Mix and match
Your friendly neighbourhood dosa is getting a pan-Indian twist with fillings like galawati kabab and vegetable Manchurian, says Rahul Verma
I have come to the conclusion that there are two types of people. The first lot likes fusion and thinks there is nothing as good as a foie gras samosa. The second set can't abide the thought of mixing different kinds of food concepts, and can't even stand the thought of eating their salmon with a tart kasundi sauce.
I can understand the second group's concerns, but I have to admit that I belong to the first lot. I like mixing and matching. Of course, very often the match doesn't work. But unless you mix, how do you know what matches, and what flops?
In one part of Calcutta, a chef has been furiously working in a kitchen laboratory, mixing this with that, and testing and tasting the results. This is chef Niladri Chakraborty, whom I first got to know when he was at the Kenilworth Hotel in Calcutta. The chef, who is now moving to north India on a new assignment, has been tossing (and turning) a dish that's a hot favourite across India — the dosa. And he's looking at ways to change its DNA structure.
Take, for instance, something called a galawati dosa. Chef Niladri prepares the melt-in-the-mouth kabab with minced meat and spices, and then puts it inside a rawa dosa (prepared with semolina) as its filling.
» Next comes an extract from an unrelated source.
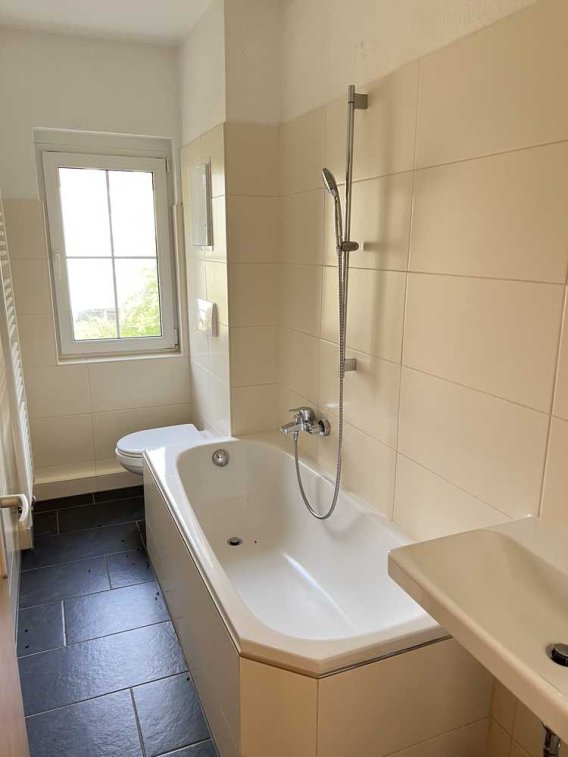 Das sanierte Badezimmer mit Badewanne und Fenster überzeugt durch seine funktionale Eleganz und sorgt für eine angenehme, helle Raumwirkung. Die Wohnung besticht durch ihre durchdachte Grundrisseinteilung und die hochwertige handwerkliche Ausführung aller Sanierungsarbeiten.

"I also give a twist to the galawati, which is prepared on a tawa. I skewer it instead, which gives it a different texture," he says.
In some other corner, I can see a chef cringing in dismay. This is Arun Kumar T.R., who is the executive chef of the Zambar chain of restaurants, which specialises in southern Indian food. Chef Arun shudders at the thought of revamping dosas, and tells me that he has come across dishes called the Manchurian dosa and Szechuan dosa. The first has a stuffing of vegetable Manchurian (deep-fried veggie balls in a sauce), and the latter has the hotness of Szechuan food. I have also seen — though I must admit that despite my pro-fusion leanings, I left it untouched — something called the paneer Manchurian dosa.
Chilli con carne dosa
I don't suppose chef Arun is going to be greatly enthused by a dosa with a core of chilli con carne, a Mexican dish of kidney beans and minced meat. The chef believes that dosas should be left where they are — with their curry leaf and mustard flavoured potato fillings. And let the outer wraps consist of ground rice, or rice and dal, or semolina, he pleads.
Of course, there is no hard rule (barring the one in the conservative cook's book) that says a dosa had to be prepared with rice, or rice and dal. Chef Niladri sees no reason why it can't be prepared with polenta, which crops up in a host of Italian recipes.
What I find interesting is that for the filling, he doesn't restrict himself to Italian cuisine, but looks eastwards. He stir-fries onions with garlic, galangal, mushrooms, cauliflower florets, broccoli, red pepper, baby bok choy and Thai basil. The sauce for this is prepared with soy, dried crushed chilli flakes and brown sugar. And this goes into the polenta dosa.
Some chefs, however, believe that there can be a middle path. Praveen Anand, the executive chef at the Sheraton Park Hotel & Towers in Chennai, says his perfect dosa is the one with a filling of upma — a mix of cooked semolina and vegetables. He would like to sauté some onions, and then add a helping of upma to it. He'd mix it well, and then put it in the middle of a crisp dosa, and serve it with thin coconut chutney.
To each his own. For me, fusion is a melting pot. Let's just add more stuff to it.
Mediterranean Chicken Dosa (serves 1)
• 100g cubed boneless chicken breast • 1 tbs lemon juice • 1 tbs olive oil • 2 chopped garlic cloves • a pinch of cumin powder • a pinch of ground pepper • a pinch of red chilli powder • salt to taste • 1 tbs tahini • 15g chopped onion
For the accompaniment:
• 1 tbs hummus
For the salad:
• a few pieces of diced watermelon • 1 tsp feta cheese • 1 sprig mint leaves
Mix the chicken with lemon juice, olive oil, garlic, cumin, pepper and chilli powders and salt. Cover and refrigerate for a few hours.
Place the chicken on skewers and grill for 15 minutes on both sides. Cut the cooked chicken into small pieces. Mix with sliced onions and tahini. Prepare a dosa in the normal way (place fermented ground rice and dal batter on hot tawa, drizzle oil on the sides, cook till the sides turn up). Put the chicken mixture at the centre of the dosa. Roll the dosa. Mix the ingredients for the salad. Serve the dosa with hummus and the melon, mint and feta salad.